God warned Eli concerning his apathy towards Him, but Eli failed to repent and, ultimately, the Lord judged Eli and his family. Interestingly at the heart of His accusation, God questions Eli’s parenting, ”Why do you honour your sons more than Me?”
As a parent, I can personally attest to the fact that there are many opportunities for mothers and fathers to fail. I’ve experienced failure due to my own ignorance, pride, laziness, fear, busyness, and selfishness — just to name a few.
I think most parents want to be good parents, but isn’t that a somewhat ignorant notion when we cannot even make ourselves good people (Luke 18:19)? That begs the question, how could Eli miss the mark so badly as a parent that it provoked the Lord to wrath?
Before considering what the Bible says about Eli, it’s important to understand that narratives in Scripture are not given to us as a “how to” for living the successful Christian life. Eli’s story is not recorded so that we can walk away with the message, “Don’t be a bad parent like Eli” or “If you do everything the way God wants, your children will not struggle”.
Even parents who seek to obey the Lord’s will sometimes have wayward children. As parents, the Lord does not hold us accountable for how our children turn out; He holds us accountable for how we raised them and for Whom (1 Corinthians 3:6-8).
The Lord does not hold us accountable for how our children turn out; He holds us accountable for how we raised them and for Whom
This is the first article in a series to examine three of the mistakes Scripture seems to reveal in Eli as a parent and a steward of all that God had entrusted to him. It’s worth studying because Eli’s failures are not unique to his own family; every parent is susceptible to making the same mistakes with their own children.

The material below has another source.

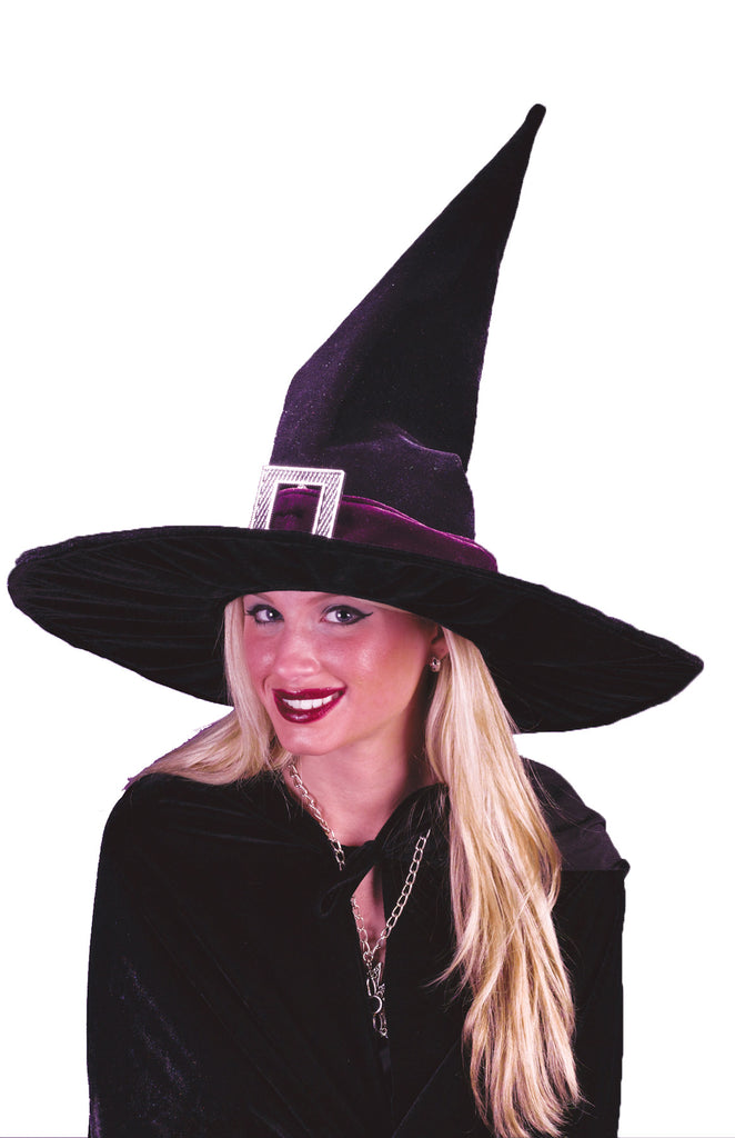 The ultimate witch hat. 17 inches high and 19 inches in diameter with silver buckle hat band. One size fits most adults. Black velour with non-removable purple band.
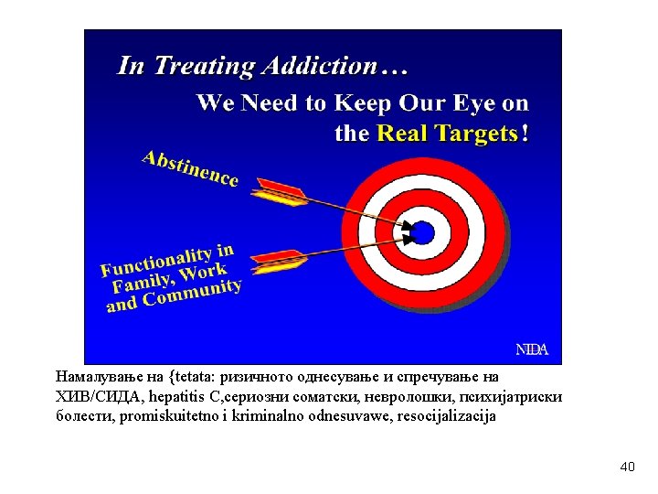 Celi na lekuvaweto Spre~uvawe na posledicite koi gi pravat nelekuvanite zavisnici kako na primer: Nelekuvani droga {irewe na droga zdravata pari zavisnici virusni infekcii populacija kriminal narkokriminalcite Licata koi upotrebuvaat droga se most pome|u zdravata populacija i narkokriminalcite, so nivno lekuvawe mo`e da se ote`ne prometot na mostot. Lekuvawe na zavisnicite 38

As King Solomon stated: “What has been will be again, what has been done will be done again; there is nothing new under the sun.” However, Solomon’s statement should not discourage us because, though humans will repeatedly fall short of what is necessary, God “is able to do exceedingly abundantly above all that we ask or think, according to the power that works in us”, and it is to His Word and His work that we look to for help as we labour in the roles He has given us.
The following is an introduction to the three areas that we will be delving into over the following weeks: Eli’s failure to lead well, his failure to discipline, and his failure to intercede.
The high priest was the intermediary between God and man. He was to help the people understand the holiness of God and the proper way to serve and worship Him. Unfortunately, Eli’s view of God was small. Though he knew God and His Word, they did not affect his life or the choices he made.
As a part of the tribe of Levi, the Lord had provided food for priests and their families through the people’s offerings to the Lord. The Israelites would bring a gift to the Lord and Levitical law specifically detailed what part of the offering the priests were apportioned and what was to be burned as a sacrifice to the Lord. The fat specifically belonged to God, yet Eli’s sons brazenly took whatever they wanted, including God’s portion.
One day, the Lord spoke to Eli through an unnamed man and asked, “Why do you scorn my sacrifice and offering that I prescribed for my dwelling? Why do you honor your sons more than me by fattening yourselves on the choice parts of every offering made by my people Israel” (1 Samuel 2:29)?
Eli’s view of God was small. Though he knew God and His Word, they did not affect his life or the choices he made
Scripture indicates that even Eli was taking from the Lord’s portion. Eli’s gluttony and greed taught his sons that their own pleasure and satisfaction were more important than obedience to God. Eli’s sons should have learned how to love and serve the Lord; instead, they only learned how to love and serve themselves.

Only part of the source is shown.